Once the research results were released, it caused a heated discussion, and the first reaction of some people was panic:
Others believe that this result has positive implications for neural network research:
Language AI has the ability to self-examine
The research team believes that if the language AI model is to be self-assessed, there must be a premise: when the language AI answers the question, it will calibrate its own answers.
The calibration here is whether the correct probability of an answer predicted by the language AI is consistent with the actual probability of occurrence. Only then can the linguistic AI use this calibrated ability to assess whether its own output is correct.
So the first question is, can language AI calibrate its own answers? To prove this question, the research team prepared 5 multiple-choice questions for AI:
Answer options are given in forms A, B, and C. If the AI model's answer is correct more than chance, then the answer given by the AI model is proven to be calibrated.
The result of the test is that the answer given by the language AI is significantly more correct than the chance of any choice. That said, language AI models can calibrate their answers very well.
However, the research team found that the calibration ability of language AI is based on the premise of clear choices. Adding an indeterminate option of "None of the above" to the options hurts the language AI's ability to calibrate.
That is, in multiple-choice questions of a certain format, the language AI model can calibrate the answers very well. After clarifying this premise, the next question is to verify that the language AI model can judge whether its answer is correct.
In this round of testing, in order to make the prediction of the AI model closer to its own effective decision boundary. The research team still chose the questions from the previous round of testing, along with a sample of answers from the language AI model.
At the same time, let the AI model choose whether its answer is true or not, and then analyze whether the AI model has made an effective calibration for this "true" or "false" answer. An example of the problem set is as follows:
After 20 true and false tests, the research team found that the language AI model's evaluation of its own answers as "true" or "false" was significantly calibrated.

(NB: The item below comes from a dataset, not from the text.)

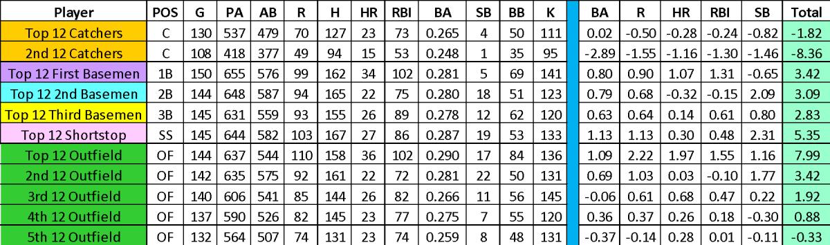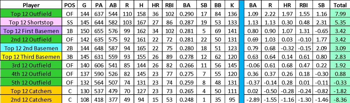 In a 12-team league, the target number should be about 1,077 RBI (about 82 RBI per batter).

That is, if within a range, an AI model is asked several questions, and the AI model evaluates the answers to those questions as true or false, with reasonable, calibrated confidence.

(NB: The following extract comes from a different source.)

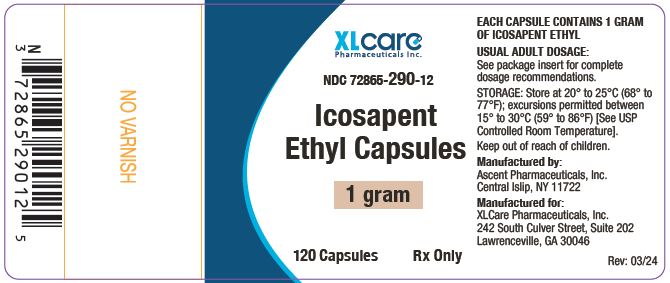 The following 4 images provide visual information about the product associated with Icosapent Ethyl NDC 72865-290 by Xlcare Pharmaceuticals, Inc., such as packaging, labeling, and the appearance of the drug itself. This resource could be helpful for medical professionals, pharmacists, and patients seeking to verify medication information and ensure they have the correct product.

This also proves that language AI models can indeed judge whether their claims about a problem are correct.
Finally, the research team posed a harder question for language AI models: Can AI models be trained to predict whether they know the answer to any given question.
In this session, the research team introduces a data P (IK) (I know the probability of this answer) and selects one of the following two training methods for training:
Value Head: Train P(IK) as an additional value head and add it to the logarithm of the model (independent of the logarithm of language modeling, the advantage of this approach is that the research team can easily Generic marker location for probing P(IK).
Natural Language: This method is simpler and requires the AI model to literally answer "what is the probability that you know this answer" while outputting a percentage data answer.
In the early stage of training, the research team preferred the natural language training method, but the results were not significant, so they turned to the value-oriented method, but the research team also said that the training of the AI model will eventually return to the natural language method.
After training, the research team found that the language AI model could predict P(IK) well, and this predictive ability was partially general across different types of problems.
However, the research team also found that in certain types of problems, such as arithmetic problems, language AI models have some difficulties in OOD calibration.
Regarding this academic achievement, the research team stated that the future direction is to extend these achievements to the field of self-learning and factual reasoning under the premise that the language AI model does not imitate human text.